The expert monitors the analysis screen and the streaming data starts to arrive from different sources to the context phase in the proposed framework, and it is ingested by the data ingestion unit in the context phase. Then, the ingested data are passed to the taxonomy unit in the context phase. In the taxonomy unit, the stream data are classified into five categories, namely person, equipment, environment, place, and services; each category has types, as presented in Table 3. After categorizing the streaming data, they are mapped to the data ontology in the context selection unit, and the expert input in the context screen is also passed to the context selection unit.

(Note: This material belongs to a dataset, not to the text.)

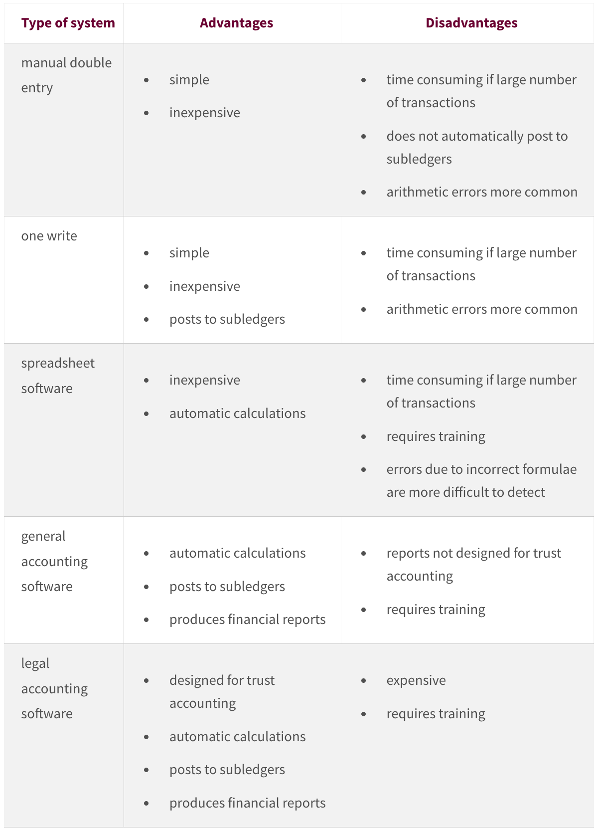 The LSO highlights several accounting systems, from manual double entry to spreadsheet software and general accounting programs. Each system caters to different needs but often requires a substantial understanding of accounting principles. The LSO publication can be read by clicking here
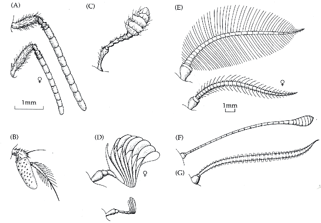 Figuur 11: Antennae van diverse insecten: (A) de mannelijke en vrouwelijke honingbij (Apis mellifera), (B) de vleesvlieg (Sarcophaga), (C) de aaskever (Necrophorus), (D) de mannelijke en vrouwelijke mestkever (Rhopaea), (E) de mannelijke en vrouwelijke nachtpauwoog (Antheraea), (F) de nummervlinder (Vanessa) en (G) de pijlstaartvlinder (Pergesa). Dezelfde schaal werd gebruikt voor A-D en E-G (naar Kaissling, 1971).

In the context selection unit, the streaming data are already categorized and mapped to the data ontology. The patient’s vital signs are selected based on the expert input from the context screen, then the selected context is sent to the preprocessing phase to check if the selected context contains any issues such as missing data, outliers, wrong unit measurements, etc.

In the preprocessing phase, the detection unit checks the selected context when it comes to the preprocessing phase based on the rules that have been received from the detection rules unit in the rules controller. When the selected context comes to the detection unit, the context values are as follows: the NBP (Mean) is 87 mmHg, the RR is 0 breaths per minute at the beginning and it increases when the breathing device is used, and the HR is 80 beats per minute for patient’s vital signs. If the selected context is in the normal range and does not have any issues, it is considered to be clean data and is passed to the analysis phase; otherwise, it is considered to be uncleaned data and is sent to the repairing unit.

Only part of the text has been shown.